How does one define a function that takes vectors as arguments but also derivatives?

Question

Summary:

tldr; I just want to implement a version of the following mathematics function:

$$ f(a) = c_1 e^{-(a - t_1)^2} + c_2 e^{-(a - t_2)^2} + c_3 e^{-(a - t_3)^2}$$

in mathematica, and be able to take derivatives of it in a correct manner and supply list of coefficients (and $t$'s) to it so that it evaluates it correctly.

---

Full question:

I was trying to create a function, that took as an input a vector and given that vector performed operations on it. In particular I wanted to give a vector to specify the exact coefficients to evaluate for a linear combination of decaying exponential functions as in:

f[a_, t_, c_] = Sum[ c[[i]] Exp[-(a - t[[i]])^2], {i, 1, 3}]

the first issue that I had was that when I defined the above, it immediately threw me warnings:

this seams counter intuitive to me because, in other languages, if the indices depend on length of the object...it doesn't actually throw the error messages until run time. Is it possible to stop mathematica from throwing me obvious error messages? Or am I defining my function incorrectly?

Furthermore, something that I also noticed is that I might not be aware what the difference between the following two:

c[i]

and

c[[i]]

is. For example, when I define the version of the function f I gave above with both c[i] and c[[i]] they behave differently and I sort of understand the difference but I can't get the functionality I want, which is be able to give lists as inputs AND also take derivatives freely as I wish. For example if I define:

f[a_, t_, c_] = Sum[ c[i] Exp[-(a - t[i])^2], {i, 1, 3}]

then I am able to take derivatives of the above expression freely and correctly as it should:

however, if I try to give it a list of coefficients it tries to evaluate the vector :/

which clearly doesn't make sense (what does it even mean to evaluate a vector/list anyway :/ ).

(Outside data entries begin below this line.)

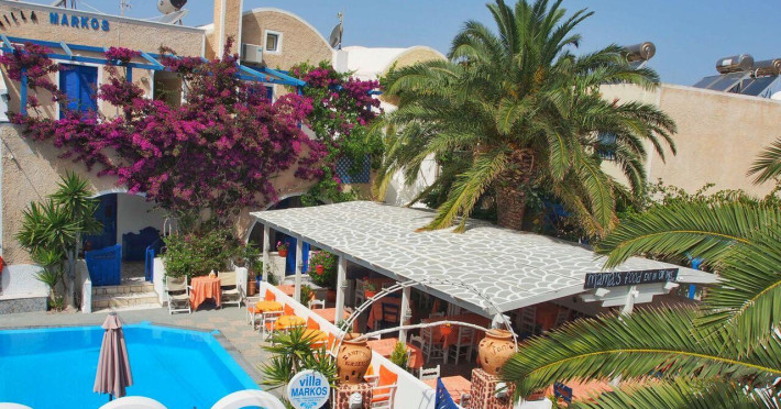 Villa Markos is a traditional hotel located in Perissa beach, the famous black beach in Santorini, owned by a local family since 1985. Preserving the traditional Greek cycladic style, Villa Markos hotel offers 15 studios and apartments in a privileged location only, few steps from the beach. The hotel offers an outdoor seasonal swimming pool with sunbeds and umbrellas and a traditional Greek tavern with plenty of local dishes daily. We promise you an unforgettable stay in Santorini!Villa Markos is a traditional hotel located in Perissa beach, the famous black beach in Santorini, owned by a local family since 1985. Preserving the traditional Greek cycladic style, Villa Markos hotel offers 15 studios and apartments in a privileged location only, few steps from the beach. The hotel offers an outdoor seasonal swimming pool with sunbeds and umbrellas and a traditional Greek tavern with plenty of local dishes daily. We promise you an unforgettable stay in Santorini!
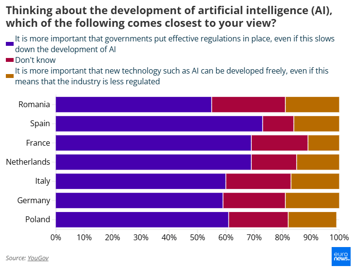 Η έρευνα, που διεξήχθη σε επτά χώρες της ΕΕ —Γαλλία, Γερμανία, Ιταλία, Κάτω Χώρες, Πολωνία, Ρουμανία και Ισπανία— δείχνει ότι η πλειονότητα των ερωτηθέντων θεωρεί την αποτελεσματική ρύθμιση της τεχνητής νοημοσύνης ως κορυφαία προτεραιότητα.
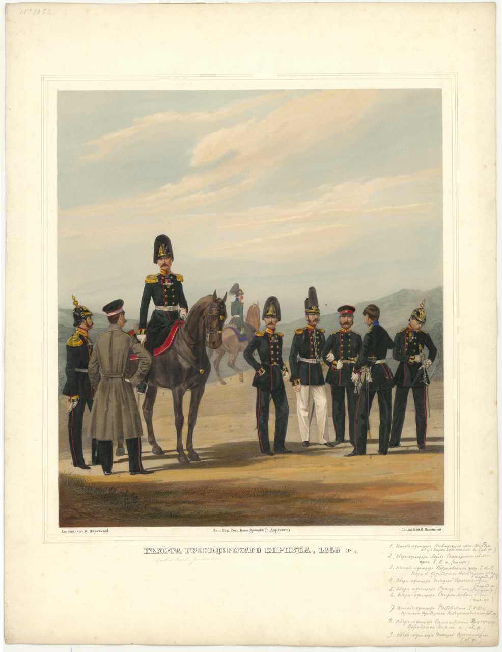 Fra Gudim-Levkovitj' Samling.Uniformsplancher tegnet af kunstneren Karl Karlovitj Piratskij - Пиратский, Карл Карлович (1813-1871).
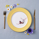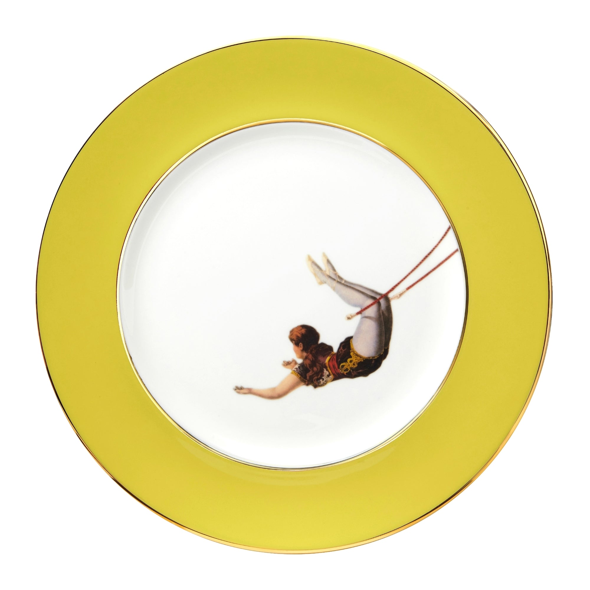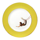 An exquisitely handcrafted fine bone china dinner plate with the circus-inspired Trapeze Girl design and bright yellow border. Features a luxurious and dishwasher friendly hand painted 22kt burnished gold gilded trim.
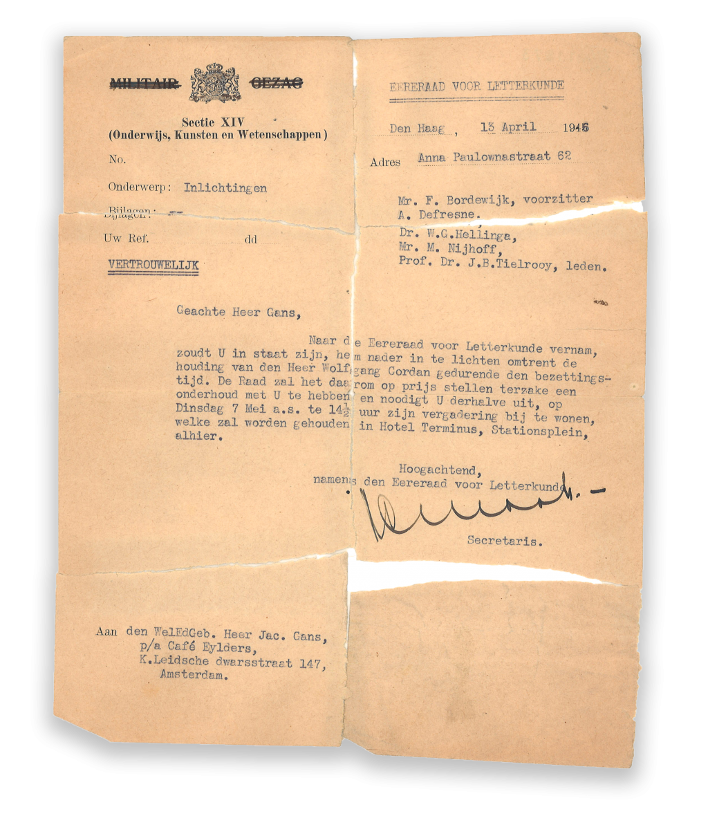 Wanneer de Eereraad zijn licht gaat opsteken in Nederlandse literaire kringen, wordt men ook niet veel wijzer. En niet iedereen wil graag praten. Wanneer Jacques Gans het verzoek krijgt om te komen praten over Wolfgang Cordan, scheurt hij zijn oproep in stukken.
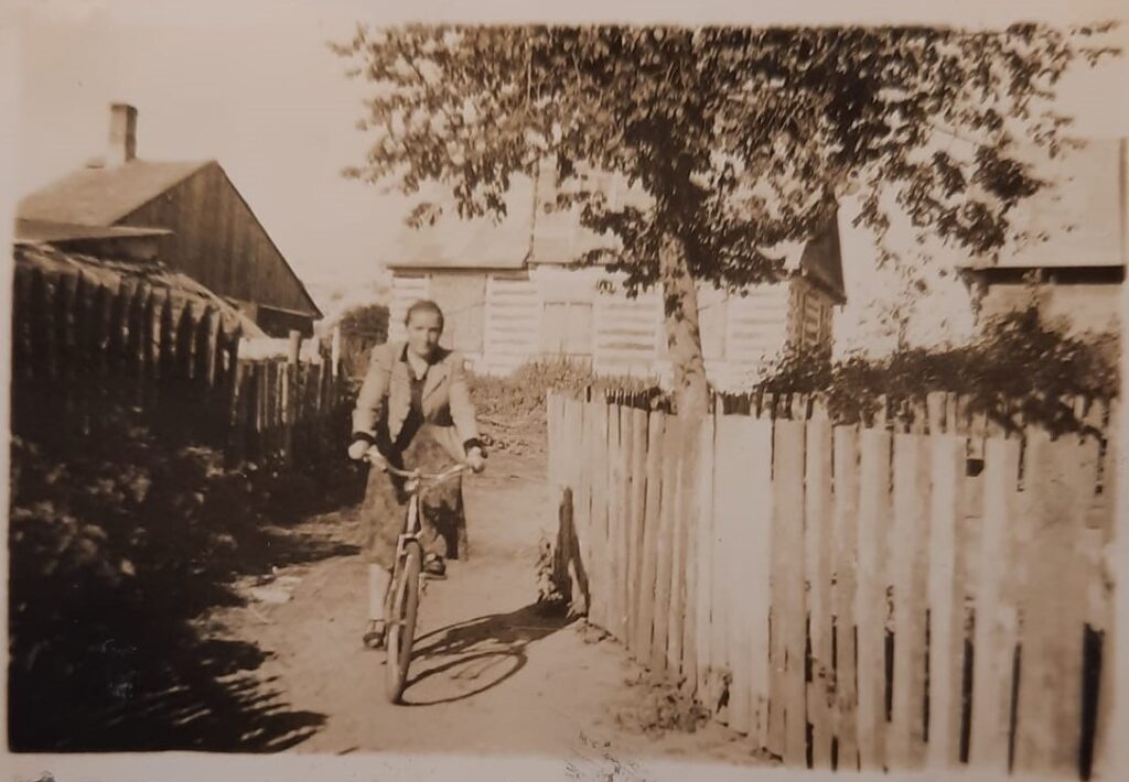 W głębi „stare biuro”(budynek w paski), po lewo puste miejsce po spalonym domu rodziny Kowalskich, dalej po lewo widoczny dach nieistniejącej piekarni. Zdjęcie dzięki uprzejmości p. Jolanty Kubisiak.
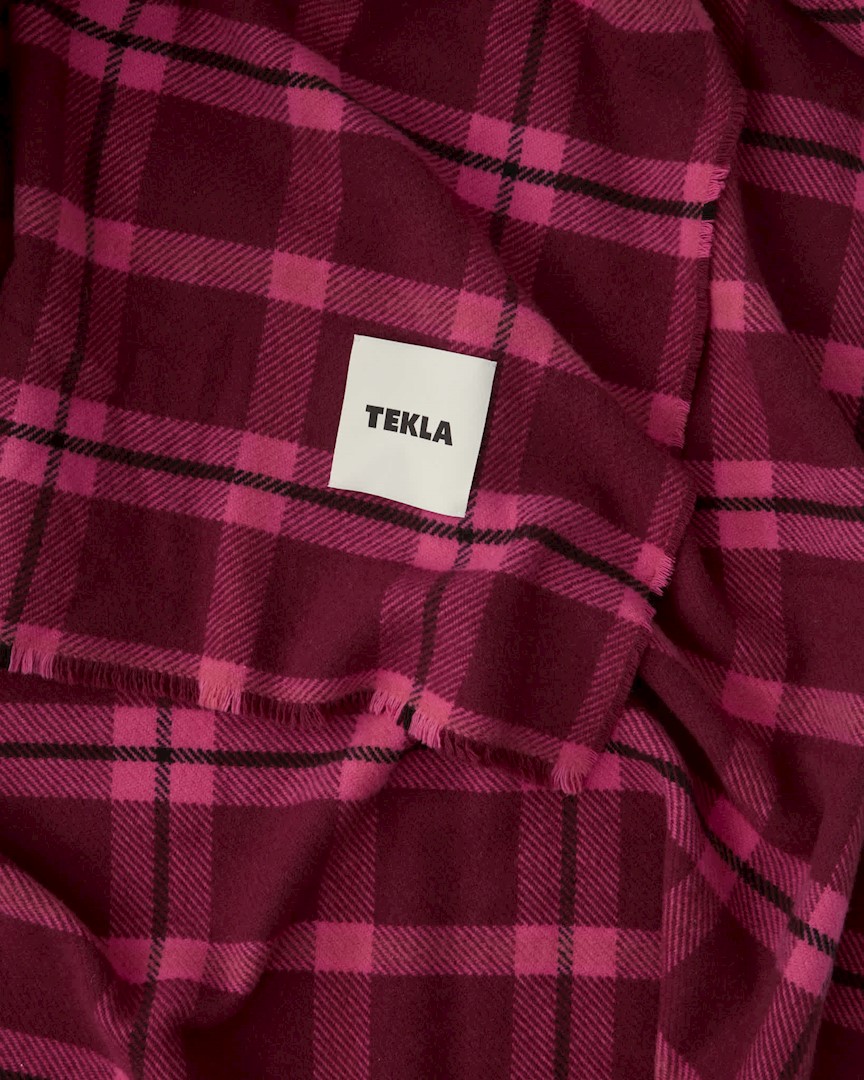 Warme deken van Tekla van zacht merino wol in een vrolijke roze check motief. Voor gezellige momenten in bed of op de bank! €375. Teklafabrics.com
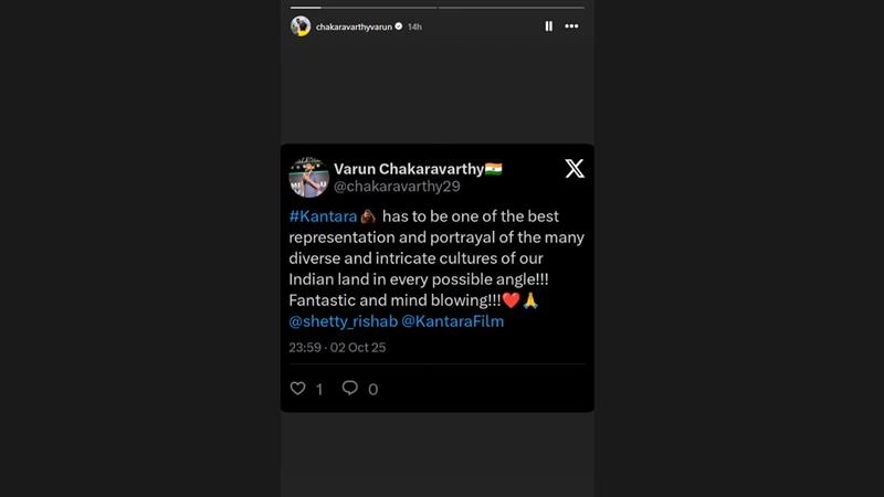 Team India cricketer Varun Chakravarthy has showered praise on director Rishab Shetty's just released pan-India film Kantara: Chapter 1, calling it "fantastic and mindblowing!" ‘Kantara: Chapter 1’ FIRST Review Out! Rishab Shetty, Rukmini Vasant, and Gushlan Devaiah Shine in This Mythological Action Thriller Prequel With Strong Performances and Goosebump-Evoking Moments.
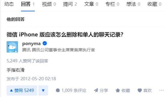 那就是马总的第一个知乎回答,献给了“ 如何删除微信聊天记录 ”这样的问题。
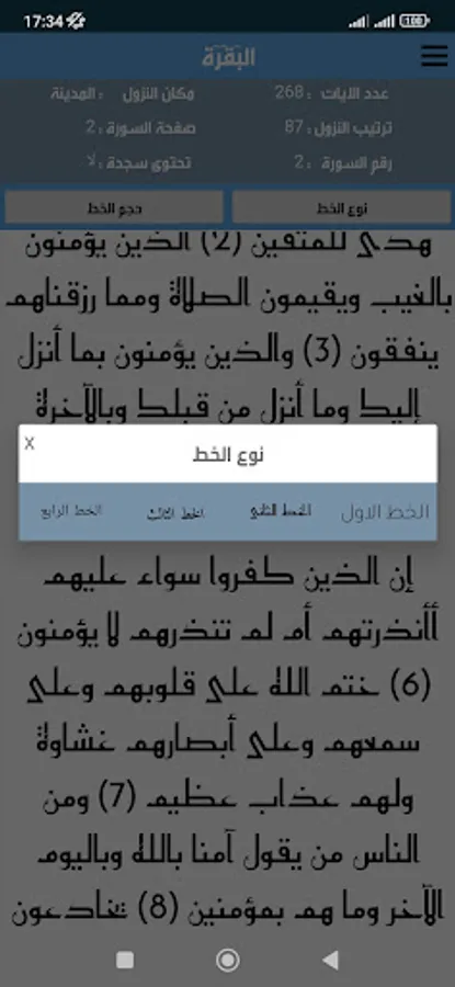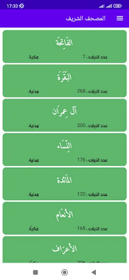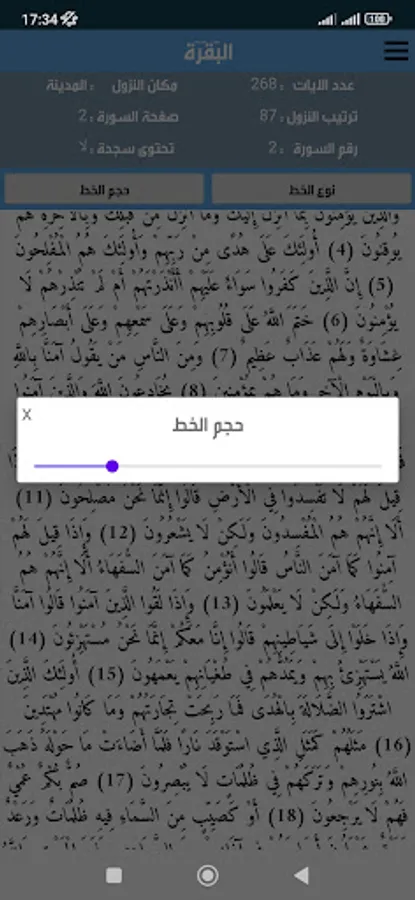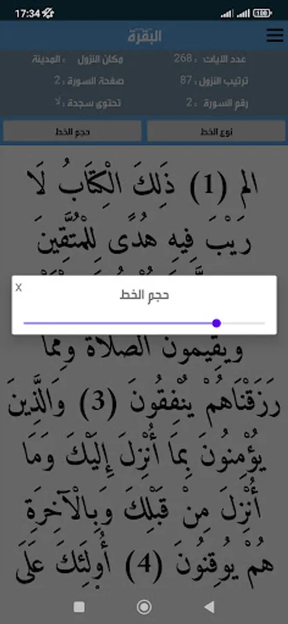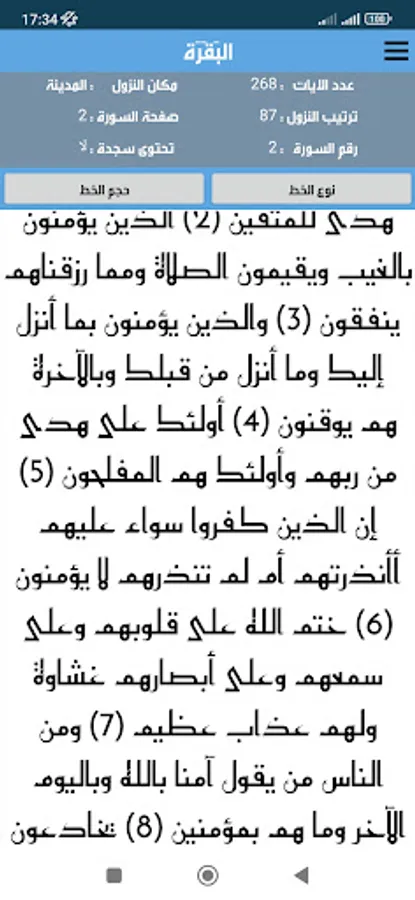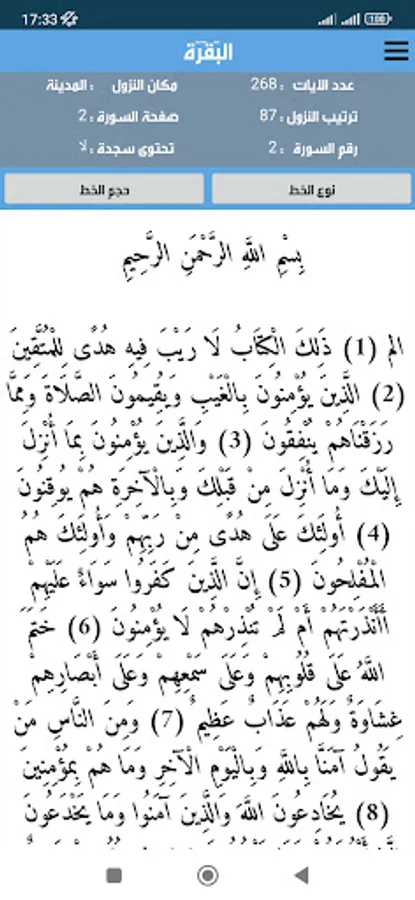 The Noble Qur’an is the word of God in a clear font that can be enlarged and reduced according to the need, in addition to details for each surah, as it shows you the following with each surah:
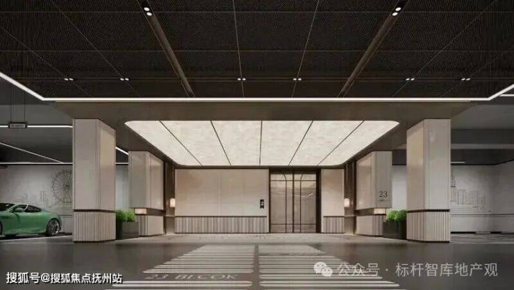 车库内也实现美学升级:利用线性灯光提升指引效果,以氛围灯光营造更舒适的光影环境。架空车库车马厅增加艺术造景,以提升归家体验、增强仪式感。
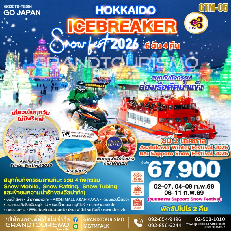 ทัวร์ญี่ปุ่น ฮอกไกโด ซัปโปโร ลานหิมะ โอตารุ ตลาดปลาโจไก SAPPORO SNOW FESTIVAL 6วัน4คืน ก.พ.69

But if I use the other definition f[a_, t_, c_] = Sum[ c[[i]] Exp[-(a - t[[i]])^2], {i, 1, 3}] then I can't take derivatives :(

So basically, I concluded that even though I've done research to find what the different brackets mean, I don't quite understand this behaviour of mathematica. As far as I understand c[i] means to evaluate the function c with input i and f[[i]] means "indexing" using the Part function. Though, thats all I know and can't connect what the issue is.

Can someone explain to me how I can create a function that takes vectors of coefficients but also takes derivatives with respect to its variables in a normal way?

Answer 1

Here is some food for thought

f[a_, t_List, c_List] /; Length @ t == Length @ c :=
   Plus @@ MapThread[(#1 Exp[-(a - #2)^2]) &, {c, t}]

f can be used as a numerical function or to generate symbolic expressions. The clause /; Length @ t == Length @ c enforces the constraint that the vectors t and c must have the same length.

f[a, {t1, t2, t3}, {c1, c2, c3}]

c1 E^-(a - t1)^2 + c2 E^-(a - t2)^2 + c3 E^-(a - t3)^2

D[f[a, {t1, t2, t3}, {c1, c2, c3}], c1]

E^-(a - t1)^2

This may leave you wondering how to generate lists of variables. This has been asked before and is answered here.

Answer 2

Another thing to look at is the difference between = and :=. For example, if you define your first function as

f[a_, t_, c_] := Sum[c[[i]] Exp[-(a - t[[i]])^2], {i, 1, 3}]

then you get no warnings and you can evaluate

f[a, {t1, t2, t3}, {c1, c2, c3}]

as you wish. You can also take derivatives

D[f[a, {t1, t2, t3}, {c1, c2, c3}], a]

without any problem.